4. Supplemental therapy: During the hypocoagulable phase, coagulation factors and platelets should be supplemented when they are too low, but this must be done on the basis of anticoagulant therapy.
   1. Transfuse fresh plasma or whole blood, 10-15 ml/kg each time. If necessary, administer concentrated platelets at 1-2 units/10 kg, which can increase platelet count by 40-90×10⁹/L.
   2. Coagulation factor preparations such as fibrinogen and factor VIII preparations.
5. Use of fibrinolytic agents: For cases with obvious organ embolism symptoms (e.g., renal failure, cerebral embolism, etc.), urokinase or streptokinase may be selected.
6. Use of antifibrinolytic drugs: Only applicable in the advanced stage of DIC where hyperfibrinolysis is the primary cause of bleeding. These should be used in combination with heparin or after heparin therapy. They are contraindicated in the early stage of DIC, especially in cases with existing organ embolism. Commonly used drugs include 6-aminocaproic acid, tranexamic acid, and aprotinin (80,000–120,000 U per dose, followed by 10,000 U every 2 hours via intravenous drip).

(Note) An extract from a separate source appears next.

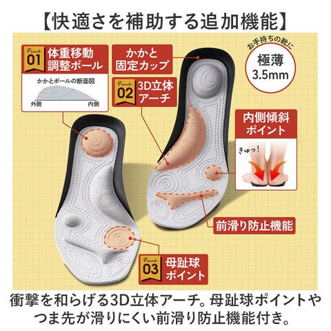 | 商品説明 | 【日々の歩行を快適にサポート】足裏から対策!専門家と共同開発した「パワースリム アクティブインソール」。【シューズに入れるだけの手軽さ】お手持ちの靴に忍ばせるだけでOK。シューズに馴染みやすい、厚みを抑えた設計。【内側傾斜で自然な重心移動を】外側から内側へ傾斜をつけた、かかとボール。内側を意識した重心移動をサポート。【快適さを補助する追加機能】衝撃を和らげる3D立体アーチ。母趾球ポイントやつま先が滑りにくい前滑り防止機能付き。【嫌なズレを防ぐかかと固定カップ】かかとに当たる部分にはカップを。優しく固定することで、心地よくフィット。【足裏に心地よさを提供するゲル】着地の衝撃を吸収するバウンドアクティブゲル。ソフトな肌当たりの3ポイントアクティブゲル。 |

7. Use of adrenal corticosteroids: Opinions remain divided. Generally, short-term use may be considered when the primary disease requires it, when platelet counts are significantly reduced with obvious bleeding tendencies, or during the advanced stage of DIC with hyperfibrinolysis. This should be administered based on anticoagulation therapy with heparin.